A défaut des explications et analyses que les enseignants chercheurs, les docteurs, les professeurs, les gardiens de nos us et coutumes et les hommes de Dieu qui devraient constituer la lumière pour cette nation devraient donner pour éclairer les populations sur l’époque douloureuse que traverse le pays, les populations vont se contenter seulement des propos du Pasteur Togbui sur une radio de la place. Quel échec de cette élite togolaise qui brille par son indifférence vis-à-vis des pauvres et par sa complicité active à la destruction de son pays?
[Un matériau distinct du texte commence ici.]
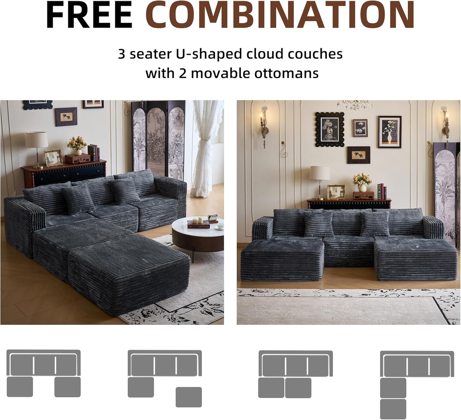 Premium High-Density Sponge: Cloud-like comfort meets lasting support! Engineered with ultra-resilient high-density foam, this shaped sofa contours to your body, ensuring a plush yet supportive feel for movie nights or lounging

Ils sont tous câblés sur les chaînes satellitaires pendant que la terre dégringole sous leurs pieds. Et pourtant, le Griot des Monts Barba-Bassar de regretté mémoire Ambroise Ouyi Tassane, les exhortait déjà à l’époque dans l’une de ses chansons titrée REJAKI avec ces mots « Se taire, lire regarder sans voir, c’est tout ?… ». Leur attitude prouve que ces intellectuels n’ont rien compris de leurs rôles dans la société.

 

Ce courageux pasteur dans ses explications a été bref et concis. Dans la carma, on utilise le sein d’une jeune fille pour les rituels relatifs à la longévité et la matrice qui donne la vie, pour fabriquer de l’argent. C’est là où l’interrogation persiste: « Série de meurtres de jeunes filles à Agoé-Nyivé et à Adidogomé : Les meurtres ont-ils un lien avec les soubresauts politiques actuels au Togo ?» cfr Liberté n°1095 du jeudi 17 novembre 2011. Faut-il en déduire que l’ « Esprit nouveau » s’est totalement embourbé dans une dynamique sans issue pour que le pays se retrouve plus que jamais au bas de la morale ? L’indifférence et le cynisme des autorités dans la résolution de cette crise peuvent constituer des preuves suffisantes.